1. Technical Evaluation - Application Maturity Not all applications may be suited for the cloud and its multi-tenant architecture. Therefore, the first step of the journey is to do a technical evaluation of the application’s maturity and whether it has the functional and technical capabilities for cloud readiness. The deployment stack should be feature-rich and enable consistent user experience across configuration, provisioning, operations, administration and management. Furthermore, the deployed solution should adhere to zero-code principles to completely eliminate customization. This brings additional benefits of a zero-touch rolling update, enhanced security and cost optimization while ensuring that the latest version runs in the cloud at the same time.

2. Business & Operational Evaluation Once an application has been tested for technical suitability, it is essential to do a business and operational evaluation by conducting a thorough multi-tenant vs multi-stack analysis. CSPs present in multiple countries/regions, or managing different solutions for their retail and brand-challenger customer segments can look at namespace based deployment models to achieve significant operational efficiency. It is important to evaluate local laws and whether it is even feasible to move applications to the cloud for legal reasons such as data localization. A hybrid approach becomes important here wherein the telecom operator could look at moving a part of their technology stack such as billing, CRM and digital engagement platform to the public cloud while core applications such as network provisioning, Policy and Charging Rules Functions and charging could reside on a private cloud native data centre. 3. Evaluate Cloud Providers The next important aspect is to identify the right cloud provider for the application. While the applications built using Cloud Native Computing Foundation (CNCF) based best practices can be deployed in any hyperscale environment, the platform partner must be chosen based on presence, ecosystem and availability of open-source technology components in their environment. To choose the right public cloud vendor, CSPs need to ensure that all the platform components (aside from application micro services and containers) are in place, they get the right pricing, the vendor has a strong regional presence and investment plans while supporting ecosystem applications as well.

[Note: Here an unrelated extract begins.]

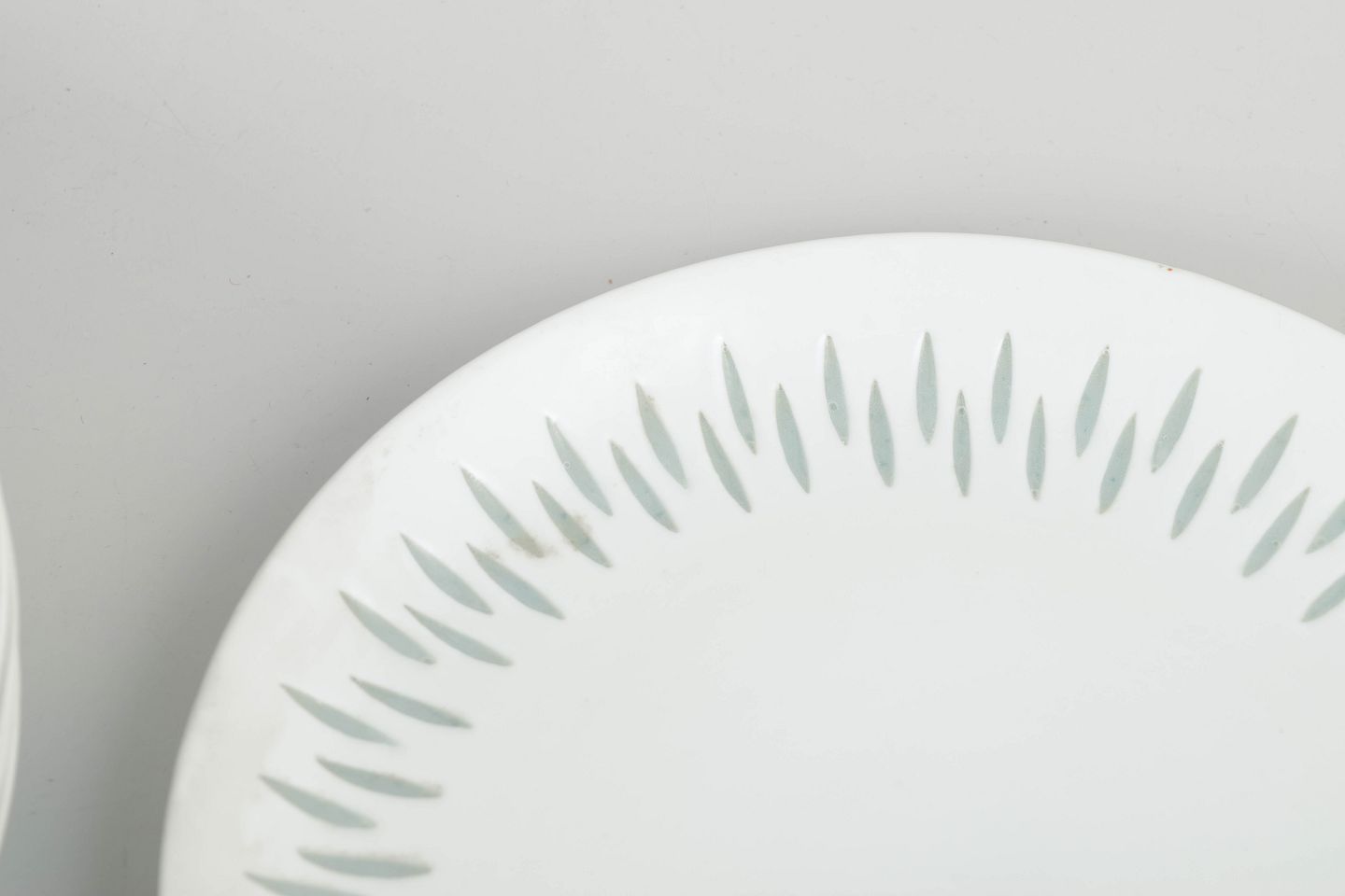 Sæt bestående af seks tallerkener i hvidt porcelæn dekoreret med karakteristisk “rice porcelain”-ornamentik langs fanen. De aflange, transparente glasurfelter danner en let og rytmisk bort, som giver tallerkenerne et elegant og luftigt udtryk. Det enkle formsprog er typisk for Friedl Holzer-Kjellbergs sene porcelænsdesign for Arabia.

4. Cost vs Benefit Efficiency The last but most important aspect of identifying the right platform is cost versus efficiency benefit analysis. CSPs need to chart out their project implementation and long-term operational cost. The ability to weigh up the cost-benefit versus restrictions while running an integrated multi-geography operation is critical. Cloud migration should exploit some of the benefits that platform providers bring (example a data lake, ingestion, a load balancer, registry, service mesh, policy and security) while creating a single glass pane of observability across the workload deployed in multi-cloud environments. Once CSPs have all the pieces together, it is vital to ensure their chosen cloud platform has built-in automation. With 5G services, automation plays a big role in ensuring the network's observability, transparency, and efficiency. The public and private cloud providers also must provide a single glass plane, queue and cache management among other things. It is evident that BSS-on-cloud transformation cannot be undertaken lightly, or without a proper design construct. CSPs need to identify the applications in their environment best suited for the cloud, evaluate the right cloud for each of their applications and ensure that other elements such as privacy and cost are well accounted for. Failure to do so is likely to hamper their cloud migration efforts.